Most individuals attempt to overcome emotional exhaustion by thinking that the harder one works, the sooner he/she will recover. But the truth is the opposite. When you tune in to your body, the healing process will be fast. When you sleep, you become integrated. Your consciousness intensifies when you take a break. As you relax, your inner world rearranges.
You do not have to worry that you are losing out, because of emotional tiredness.

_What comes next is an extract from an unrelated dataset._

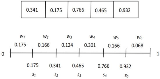 The individuals in this article are binary coded, and since three measures are aggregated in this article, each individual contains three similarity values, as well as a threshold for filtering lower similarity values, which are updated with iteration. The encoding scheme in this paper represents weights by defining segmentation points in the interval [0, 1]. Presuming p is the required amount of weights, then set of segmentation points will be obtained as = {, , …, }. An individual decoding process is to first select the elements in in ascending order to get s = {, , …, }, and then, the corresponding weights are calculated by the following formula:
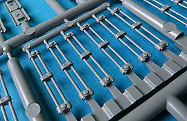 Die Schwingarme sind mit den Drehstäben in einem Stück gegossen und werden beweglich eingeklebt für ein funktionierendes Drehstabfederlaufwerk.

You know you are going through something significant
Once you observe the myth of the linear healing, the zig-zag character of the emotional recovery, and the psychology of it, one thing can be understood:
Healing should not be a smooth affair. It is supposed to feel honest.
It grows as you grow. It pauses when you need rest. It gets sluggish at times of need. When you feel you are at ease, it speeds up. It sinks in the face of some other truth that wants to be mentioned. It is elevated as your inner world is opened. No inconsistency--humanity.
Healing is not an upward line.
Healing is not perfection.
It is not a linear process of healing.
Healing is a process of relationship with oneself, which gets stronger, layer by layer, through brave moments.
The zigzag is not merely a component of the healing.